What foolishness! What silliness! What foolhardiness is this?’ I had a film of
sweat forming on the brow as I pictured me and Angela in the gallows for the
murder of one Hildebrand ‘Tuppy’ Glossop. And Jeeves’s words was like a
lifesaver; but in my relief perhaps I took it up too strongly. I might even
have tutted once or twice.
Angela
looked at me silently, then cast her eyes downwards, and two bead of tears
began to emerge alarmingly in her eyes.
‘I
knew you’d take his side Bertie. You’d choose your pal before your own cousin.’
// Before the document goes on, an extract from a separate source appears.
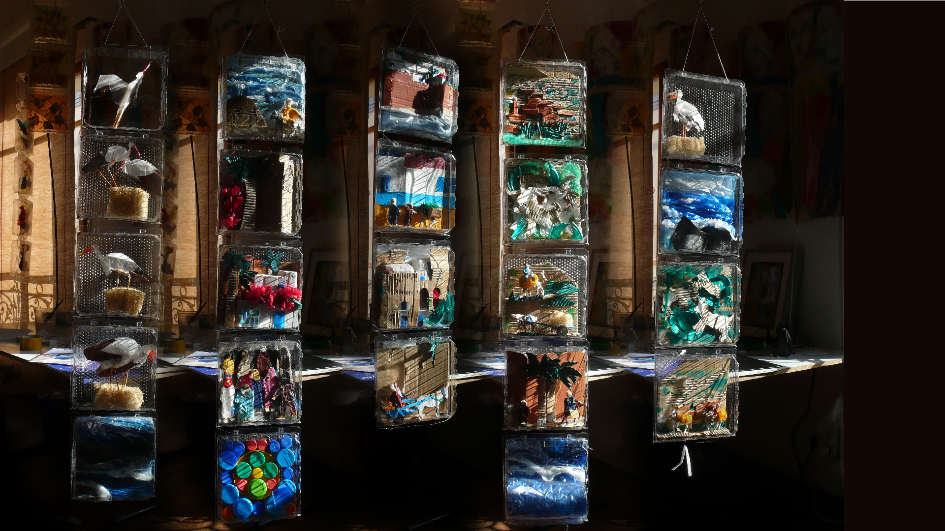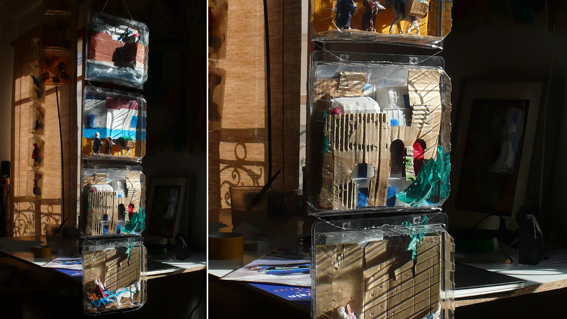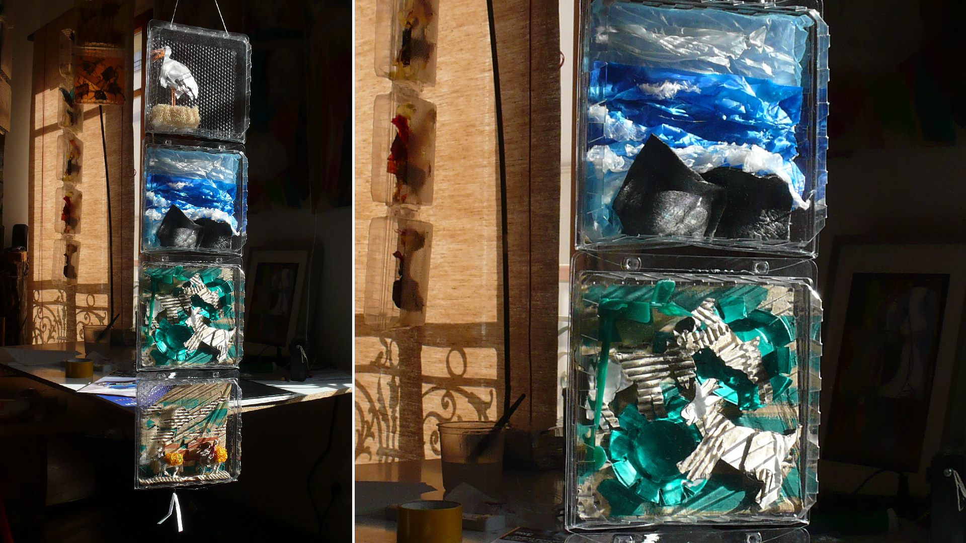Petit voyage au pays de mon enfance se compose de bandes verticales de blisters suspendus, comme une suite d’images découpées, rangées, archivées. À l’intérieur de chaque cellule, des collages de papier de soie coloré et de matériaux hétérogènes composent de petits tableaux : fragments d’architectures, de végétation, d’objets, de silhouettes — autant de scènes miniatures. L’ensemble forme un paysage suspendu, fait de transparences et de répétitions.

Her voice shook with emotions and it shook Bertrand too, to the core. Since we
were little tykes, playing among the woods and dales, I could never refuse
Angela anything once she unleashed the tear ducts. She didn’t do it often, but
that was the power of it – I knew when she did she was really injured, and then
I’m completely flustered.
‘Angela!
You don’t mean it! How could I put Tuppy ahead of you, my own flesh and blood?’
‘But
you won’t even help me now, when he has hurt me so deeply. You know how
tolerant I have been about Tuppy’s flirtations. How I have been patient and
lenient time and time again. You yourself have helped us get back together,
only for him to wound me yet again. Where is your chivalry Bertie? Why won’t
you stand up for me and punish this philanderer like he deserves?’ Her
accusations came in gushes through her soft sobs like bullets and her words
struck me in the heart.
I
have, with the help of Jeeves, brought Angela and Tuppy together after their
tiffs before. She is right in saying that I’m morally responsible for her new
grievance now. If only Jeeves’s plan wasn’t so damn successful last time! But
how could I, or even Jeeves, have known Tuppy, the damn idiot, would be so
damned idiotic?
By
now two streams of tears have made their way down Angela’s cherubic cheeks,
shining reminders of my culpability. Every man deserving the name of
‘gentleman’ who had seen her melancholic visage would have immediately drawn
their sword to avenge her honour.
‘Please,
Angela!’ I said as I handed her my handkerchief, ‘don’t cry.’
She
dabbed her eyes and looked at me through eyelashes bedewed with tears: ‘Well
Bertie? Will you help me?’
I
drained my glass, sighed and replied: ‘What exactly is your plan?’
Angela
broke into a smile and grabbed my hand. ‘Oh Bertie! I knew I could count on
you!’ She exclaimed.
While
happy to see her smile like the spring sunshine, somewhere in the cockles of my
heart I felt a lock click shut.
Just
then, Jeeves materialised, with the box of Debauve and Gallais chocolates. It
was certainly the psychological moment, but I fear it was too late for Bertram.